Continuei servindo, me afastando da mesa, tentando recuperar o controle que parecia escapar por entre meus dedos.
Foi então que ouvi.
— Você trabalha aqui há muito tempo? — a voz dela.
A loira.
Congelei por dentro.
Mas virei devagar, mantendo a postura.
— Desde criança, senhorita.
Ela me analisou de cima a baixo.
Sem disfarçar.
— Entendo.
Silêncio.
Mas não era um silêncio qualquer.
Era julgamento.
— Deve ser… confortável — ela continuou — crescer em um lugar como esse.
Antes que eu pudesse responder, o o senhor Marshal se adiantou.
— Kler é praticamente da família. — disse com um sorriso educado.
Quase engasguei.
Quase.
Porque aquilo não era verdade.
Nunca foi.
— Sim… — respondi baixo — Eles sempre foram muito… generosos.
Senti o olhar de James em mim de novo.
Pesado.
Incomodado.
Mas não olhei de volta.
Não podia.
— Que sorte a sua. — ela disse, pegando a taça de vinho.
Mas não soou como sorte.
Soou como um limite imposto.
Como se ela estivesse deixando claro, sem dizer diretamente:
“Você não pertence aqui.”
E talvez… não.
Ela estava certa.
— Kler. — minha mãe chamou sutilmente — venha até a cozinha.
Assenti na mesma hora.
Era uma fuga.
E eu precisava dela.
Assim que entrei na cozinha, apoiei as mãos na bancada e respirei fundo.
Uma vez.
Duas.
Três.
Mas não adiantava.
Nada adiantava.
Porque lá fora…
Ele estava com outra.
E aqui dentro…
Eu finalmente estava sendo obrigada a encarar algo que evitei por anos.

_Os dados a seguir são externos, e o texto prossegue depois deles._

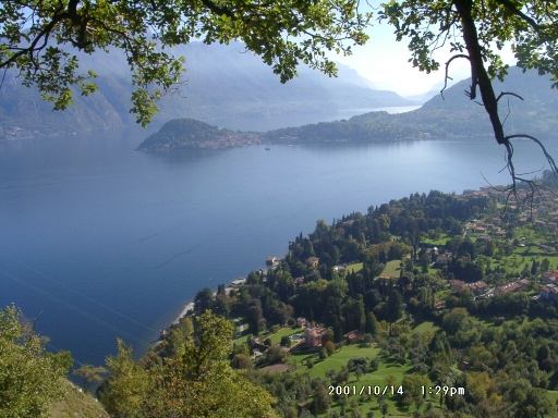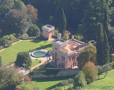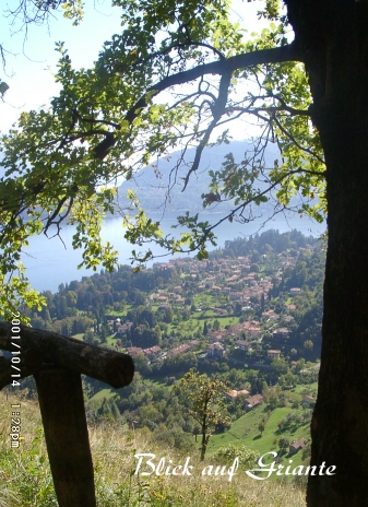 Rechts von unserem Panoramasitz liegt in der Tiefe Griante, an dessem äußeren Ortsrand wir ein traumhaft schönes Anwesen entdecken – ein schlossähnliches Herrenhaus in einem riesigen Park. Ein großer, kreisrunder Swimmingpool fehlt auch nicht. Wer mag da wohl sein bescheidenes Feriendomizil haben? Mir kommt das Lied von Reinhard Mey in den Sinn – „Manchmal da fallen mir Bilder ein...“, und ich denke bei mir: Du hast zwar keinen Palast wie diesen, aber es geht Dir finanziell viel besser als der Mehrzahl der Menschen auf dieser Welt. So relativiert sich letzten Endes alles, wenn man ernsthaft darüber nachdenkt.

Eu não queria só a amizade dele.
Nunca quis.
Fechei os olhos com força.
— Que droga, James… — murmurei, quase sem voz.
Porque no fim…
O problema nunca foi ele escolher outra.
Foi eu ter acreditado…
Mesmo que por um segundo…
Que ele poderia me escolher, que poderia fugir comigo, que poderia ser meu...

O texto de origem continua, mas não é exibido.